I am thinking about buying some blue-chip US shares. My rationale being that the Australian dollar is currently buying a lot of US dollars, so this is a way to directly invest in some large US companies while minimizing cost. (The AUD is currently about $1.10 USD, usually it hovers around 80c-90c.) Assuming that the USD bounces back one day, I hope to make a bit of a bonus on the exchange rates. I am considering it as a medium term investment (5+ years).

I know this is doable, but I do not know the tax implications. If I buy US shares, am I subject to US tax on any dividends paid? When I eventually sell those shares, am I subject to US tax at that point in time?

Long and short: what do I need to know? Has anyone here had personal experience in this?


2 Answers 2


Under the assumption that taxation of foreign investments for an Australian is similar as for a Canadian, I urge you to read the International Tax Essentials for individuals at the Australian Taxation Office website. I see that the US and Australia have a tax treaty which I understand would allow you to not worry about any US tax guidelines and handle all taxes on your foreign investments through your return with the ATO. What you should read specifically at that link is the Investing overseas section under Basic topics. There are numerous articles in that section that should answer your questions.

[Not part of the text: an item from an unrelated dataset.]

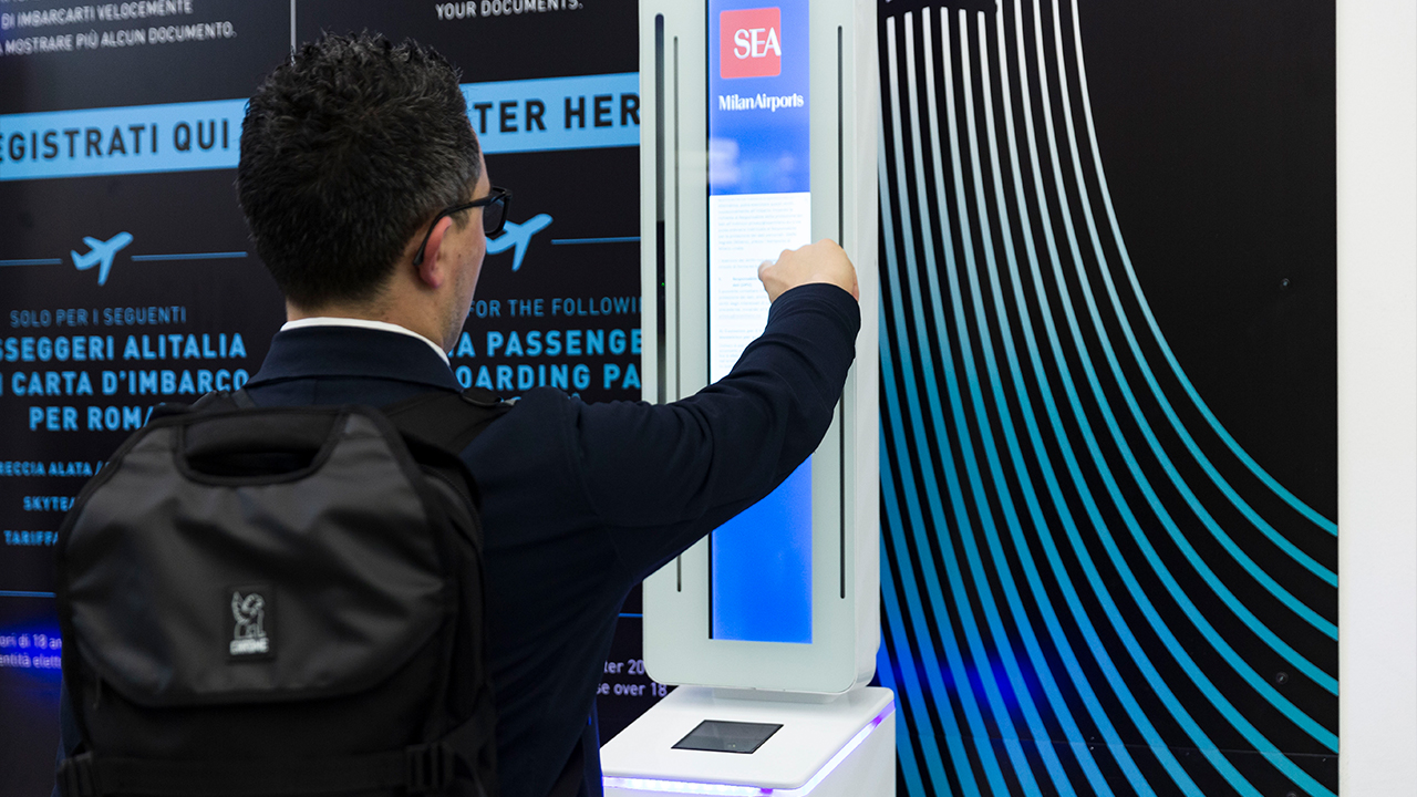 Il progetto pilota, attivo dal 30 gennaio, è stato promosso dal gestore aeroportuale italiano SEA ed è a disposizione dei passeggeri VIP della compagnia aerea Alitalia che volano da Milano a Roma. Il sistema prevede tre fasi principali lungo l’intero processo: prima, la registrazione biometrica sul sistema, poi l’accesso e la conferma dell’identità al punto di controllo sicurezza e, infine, l’imbarco sull’aereo.
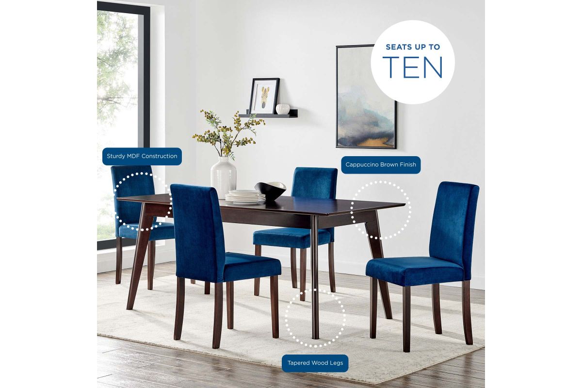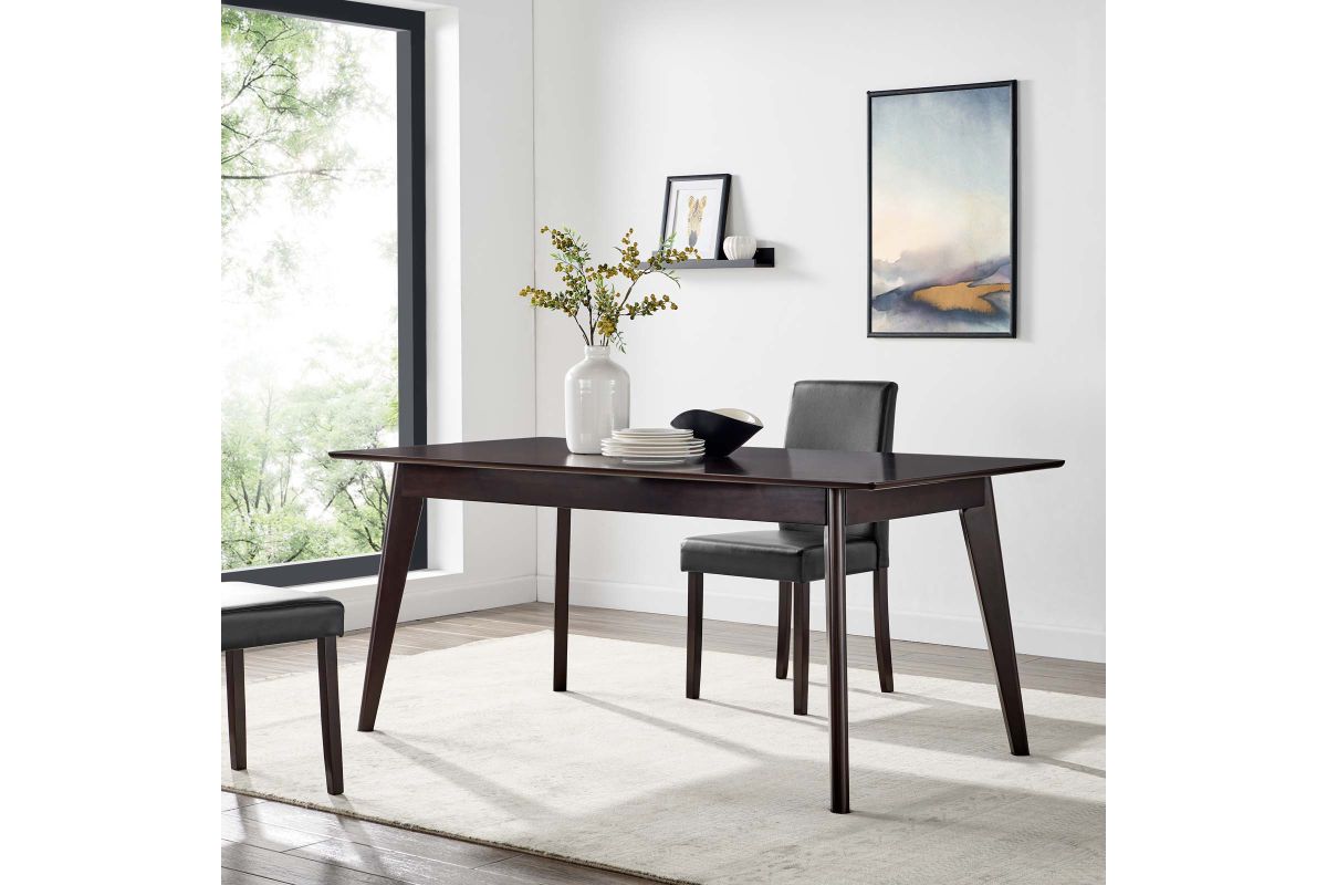 Explore new vistas with the Oracle 69" Rectangle Dining Room Table. Sturdily constructed from wood veneer and MDF with four tapered wood legs, this dining table possesses a sleek mid-century modern style. The simplicity and quietude of the Oracle Dining Table create the ability to effortlessly enhance any dining room, kitchen, breakfast nook, or dining area decor. Seats up to 8 people. Assembly Required.

To give you an idea, in Canada, basically any US dividend income would incur a 15% withholding tax, which you can claim as a tax credit when filing your return. Capital gains and interest are not subject to withholding, and the proceeds and cost basis for calculating gains must be converted from USD to CAD on the day of each trade (more or less).

If you are in Australia while investing in US instruments, you are not a non-resident alien of the United States. You're just a foreign investor.


You could refer to the US Tax Guide for Aliens.

To answer your question (for stocks)

  1. A non-alien resident won't be taxed for capital gains.
  2. A non-alien resident is subjected to 30% dividend withholding.
  3. The above rules assume that there's no tax-treaty among your country with US.

There're exceptions for mutual fund in particular.

** Please refers to one of my unanswered question: Dividends and tax withholding for ETF vs Mutual Fund for U.S. Non-Resident Alien?